TechCrunch's posts have never felt like their authors take marching orders from anyone; in fact, the site's chaotic nature is part of its appeal, and loose-cannon behavior seems to be encouraged. (One of the most cogent takedowns of the whole concept of the CrunchFund was written by TechCrunch staffer Carr.) The remarkably prolific Siegler says that most stories aren't read by Arrington or any other editor before going live. As a TechCrunch reader — and someone who's blogged and supervised bloggers — I believe him.

Besides, Silicon Valley may obsess over Arrington's site in a way that's unique, but it's never had a monopoly on the industry's news. Independent competitors such as GigaOm and VentureBeat are like TechCrunch without the drama; All Things D, a satellite of the Wall Street Journal run by star tech columnist Walt Mossberg and intrepid reporter Swisher, has a calmer, more buttoned-down feel but breaks lots of scoops of its own. I'm glad they all exist, and I'm relieved that there's only one TechCrunch. But if there were no TechCrunch — or a TechCrunch denuded of Arrington's unpredictable influence, whether he works there or not — I'd be sorry.

Could the ugliness of the last week have been avoided? Maybe. Arrington's April announcement that he was investing again raised eyebrows so briefly that AOL apparently misjudged the CrunchFund's potential for causing lasting trouble.

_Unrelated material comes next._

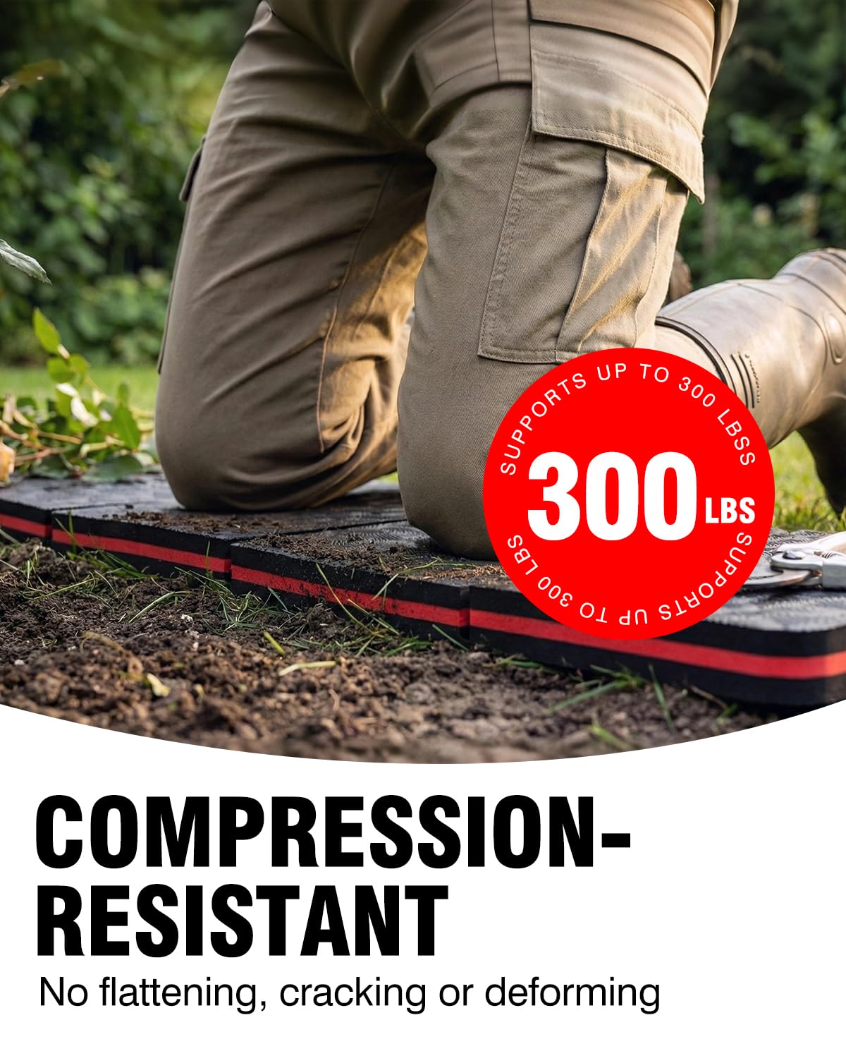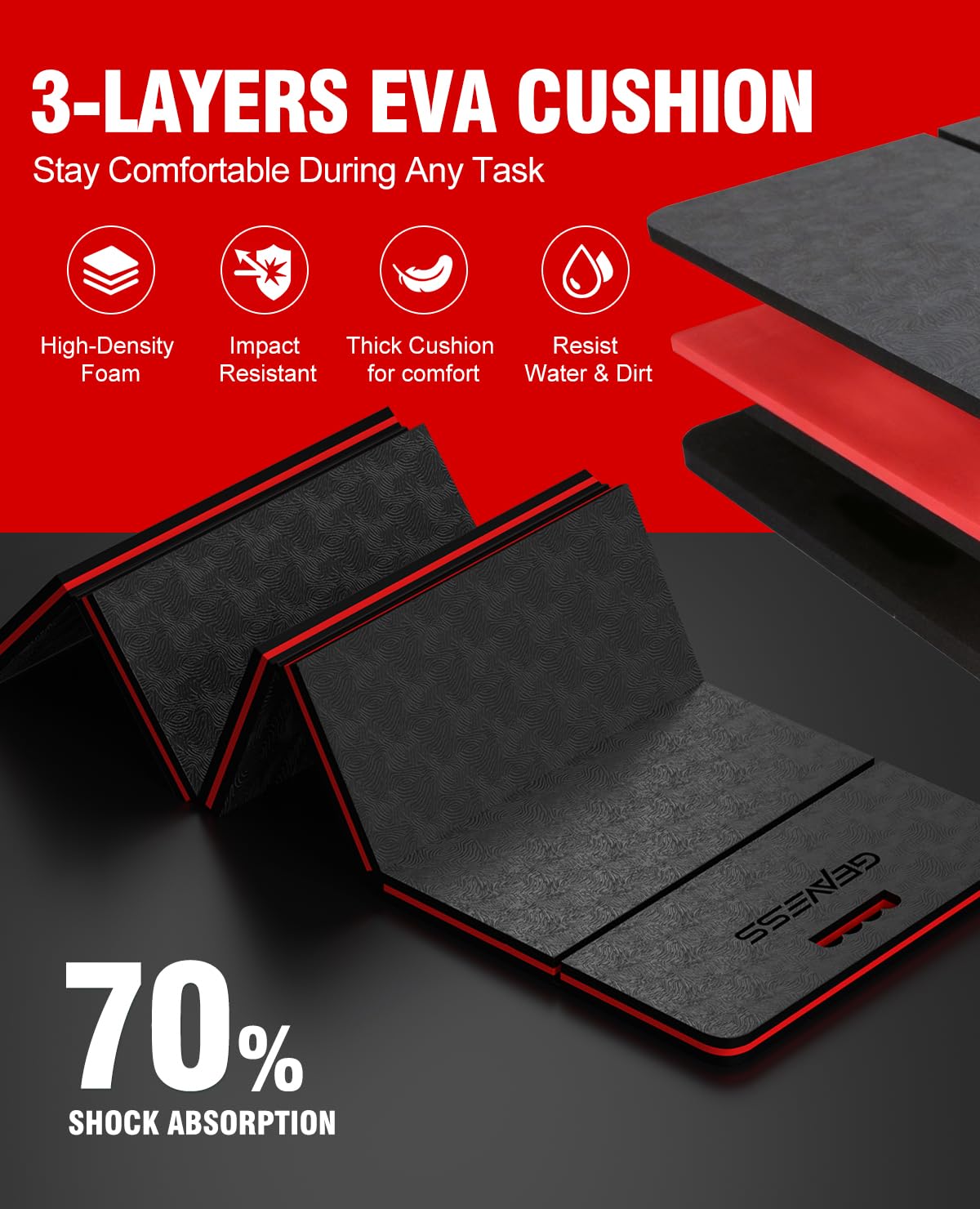 ✅ 【70% Knee Pressure Relief - Durable Compression Resistance】 1.1-inch thick 3-layer high-density EVA closed-cell foam cushions, shields knees from concrete, soil & sharp debris. No flattening, cracking or deforming—stays supportive season after season. Suitable for gardening kneeling or full-body comfort during car repairs.

One of the fund's investors, LinkedIn founder Reid Hoffman, even told Swisher that its symbiotic relationship with TechCrunch was why it presented an exciting opportunity. Had the company instead built a wall between TechCrunch and the CrunchFund — starting by calling it something other than "CrunchFund" — the arrangement might have been tenable.

Then again, maybe not. Today's AOL sees itself as being mostly in the business of generating massive amounts of inoffensive content and monetizing the heck out of it ; Arrington's edgy, excitable brainchild was always an anomaly. And even if you believe, as I do, that TechCrunch is trustworthy despite Arrington's investment activities, the CrunchFund, in any form, flunks the even-the-appearance-of-a-conflict-of-interest test.

Last week, AOL chief Armstrong told the New York Times that "TechCrunch is a different property and they have different standards...We have a traditional understanding of journalism with the exception of TechCrunch, which is different but is transparent about it." Maybe he should have pulled up the 2009 item in which Arrington explained why he was going to stop investing in startups even though he believed doing so didn't impact his site. He called that post "The Rules Apply to Everyone." Then and now, it's a sensible sentiment — and it's as true for an unconventional outfit like TechCrunch as it is for the old-media organizations it so often outperforms.